Are we really going to have a hissy fit about Wanda Sykes making crude jokes about the fatuous gasbag now? Really? It’s inappropriate now for someone to joke about Limbaugh being the 20th highjacker? The guy who called the majority leader “Mullah Daschle?” Who called Obama, “Osama” about 7,320 times? Even Keith Olbermann is wagging his finger over this — the guy who names Limbaugh the worst person in the world virtually every night.

According to Keith, the problem isn’t so much what she said, it’s that she said it at the White House Correspondents dinner which is an inappropriate venue. These are very sensitive, important people, you know, and it’s rude to be rude in front of them. It embarrasses the poor souls to have someone make crude jokes about the crudest, most despicable man in politics. Why that should be, I do not know.

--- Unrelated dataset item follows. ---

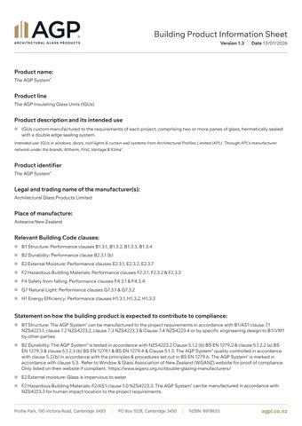 B2 Durability: The AGP System® is tested in accordance with NZS4223.2 Clause 5.1.2 (b) BS EN 1279.2 & clause 5.1.2.2 (a) BS EN 1279.3 & clause 5.1.2.3 (b) BS EN 1279.1 & BS EN 1279.4 & Clause 5.1.3. The AGP System® quality controlled in accordance with clause 5.2 (b) in accordance with the principles & procedures set out in BS EN 1279.6. The AGP System® is marked in accordance with clause 5.3. Refer to Window & Glass Association of New Zealand (WGANZ) website for proof of compliance. Only listed on their website if compliant. https://www.wganz.org.nz/double-glazing-manufacturers/
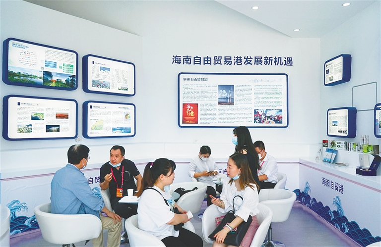 9月5日,在2020中国国际服务贸易交易会国家和省区市专区海南展馆,观众在了解自贸港发展新机遇。

But Pat Buchanan gets to the heart of it: it was mean to the Republican Party. Attacking Limbaugh was attacking Republicans everywhere according to him. He wasn’t even there but he is the head of the GOP and And no matter what swill he puts out on his radio show to millions of people every single day, that just isn’t done.

They should just get rid of these stupid events. Every year the press corps demonstrates what idiots they are. They get huffy when the joke’s aimed at them, they think it’s hilarious when it is crudely personal and aimed directly at the first lady, they laugh uproariously when the president jokes about not finding weapons of mass destruction but get the vapors when somebody takes aim at Rush Limbaugh. Really, it’s just too ridiculous.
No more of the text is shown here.